We all laugh, because we can tell she needs it. I get out one of my cards, and pass it to her.

“I don’t have the hot sex card,” I say. “But here’s my HOPE.”

“Don’t you need it yourself?” she asks, as I press it into her hand.

“We can share it,” I say. “We all can. Anyway, I’m not being that generous – I kept the tractor ride all to myself!”

We laugh some more, and then Katie looks thoughtful, and says: “Well, the tractor ride might come with a hot farmer, and who knows where that might lead? Have you… not been with anyone else? Since Robert? Because that is a long time.”

I am uncomfortable with being under the spotlight again, but it would be churlish to lie now, when Katie has bared her soul to us.

I shake my head, and reply: “There’s been nobody. I live in a really remote place, not exactly swimming with man-flesh.”

“I can testify to this,” Ella says. “When I visited last summer, I only saw one man, and he was about a hundred and eight.”

“That was the postie, Donal, and he’s actually the village heartthrob. And beside that… well, I think it’s fair to say I have trust issues. I did meet this guy at the airport on the way here though. God, he was divine… and I did flirt with him, just a bit. Well, Amelia did, anyway.”
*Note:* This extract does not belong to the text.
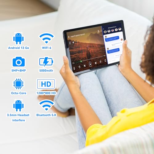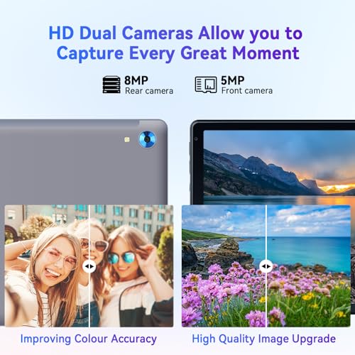 【Schermo da 10,1 Pollici 】: Con uno straordinario display HD 1280 x 800 da 10,1 pollici, le immagini prendono vita, il testo è nitido e i colori sono più vivaci. C'è anche una doppia fotocamera integrata da 8 MP e 5 MP sulla parte anteriore e posteriore per l'uso quotidiano, registrando ogni momento della tua vita.

“Who’s Amelia when she’s at home?” Katie responds.

“She’s… my new alter-ego. She’s super sassy, and confident, and she works as a top-level security consultant assessing cyber threats for global corporations… and Priya, do NOT analyse that, okay?”
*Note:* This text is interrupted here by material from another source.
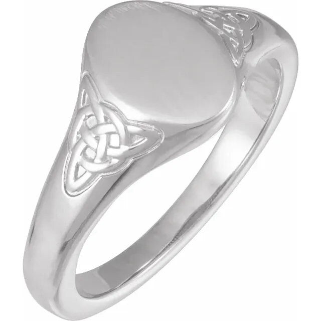 Engravable Oval Celtic-Inspired Signet Ring available in Sterling Silver or 14k Gold

My friend laughs, and makes a “who, me?” face, the very picture of innocence.

“What about you, Priya?” Ella asks. “I’ve revealed a secret pregnancy. Katie’s told us about her divorce. Lucy’s been a complete hypnic jerk. What about you?”

We all look towards Priya, who seems to be giving the question some serious thought.

“Honestly, I feel kind of bad,” she says, sighing. “I want to come up with something big and dramatic to tell you, but if I did, I’d have to make it up.”

“So your life’s perfect?” Katie asks incredulously.

“Of course it isn’t! Nobody’s life is perfect. My work takes a lot out of me. The girls are wonderful, but exhausting. I don’t see enough of Martin, and I can’t remember the last time my night didn’t end with a big glass of red. My parents are getting older, and my dad’s on heart medication and waiting for a triple bypass… there’s a lot going on, and not enough hours in the day, and no, it is by no means perfect. I suppose I just try very hard to take some deep breaths, and remind myself that the imperfections are part of what makes my life… mine. Does that make any sense?”

It does, of course, and it is typical Priya – elegantly wise. I look at the other two, and Ella replies on our behalf: “Nah. No sense at all, you crazy loon! Right. Come on. We need to wipe our tears, and get back to the inn. The other ladies of Starshine will have a head start on us, and there will be cake and dancing and?—”

“Strippers?” Katie suggests hopefully.

“No. Definitely not strippers. Although the night is young, and Trevor can get a bit racy when he’s had a few pints of stout…”

We all clamber back to our feet, and Katie says: “He’s the guy with the wizard beard, right?”

Ella nods, and our friend grins.

“Well, I wouldn’t rule it out then… always fancied getting my hands on Gandalf’s magic staff!”